Nov 19 2011
While the recent report from a High-Level Independent Review Panel of the Global Fund to Fight AIDS, Tuberculosis and Malaria, "and the corresponding decisions of the Board, mark an important step towards the necessary improvements the Global Fund must make to fulfill its vital mandate in the coming decade and beyond," "the report does not provide direction or solutions on certain critical issues that will define the further success and impact of the Global Fund," Richard Feachem, founding executive director of the Global Fund, writes in a Lancet commentary.
"First, the Global Fund must do more to achieve its ambition to pioneer and embrace performance-based funding," such as "paying for impact instead of inputs," Feachem writes.
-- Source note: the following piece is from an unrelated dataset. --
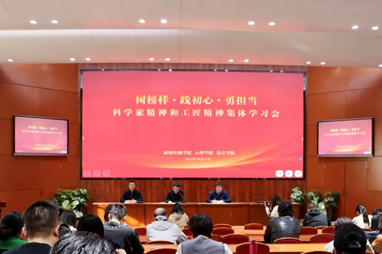 为深入学习贯彻党的二十届三中全会精神,弘扬科学家精神、工匠精神,激发教师教学科研热情,10月31日下午,bat365官方官网、新闻传播学院和设计学院在赛罕校区信息楼报告厅联合举办“树榜样·践初心·勇担当—科学家精神和工匠精神集体学习会”,三个学院全体教师共百余人参加此次会议。

Second, if the Global Fund "[s]implif[ied] processes for low-risk countries [it] would increase value for money and enable the Global Fund to focus scarce capacity on higher-risk investments," he states. "Third, as it undergoes reforms, the Global Fund must be mindful of" maintaining a "purchaser-provider split," Feachem writes, concluding, "In implementing these steps, the Global Fund must be vigilant to maintain its role as a financial rather than a technical or implementing institution," a "separation [that] has been at the heart of the extraordinary impact of the Global Fund during its first decade" (11/19).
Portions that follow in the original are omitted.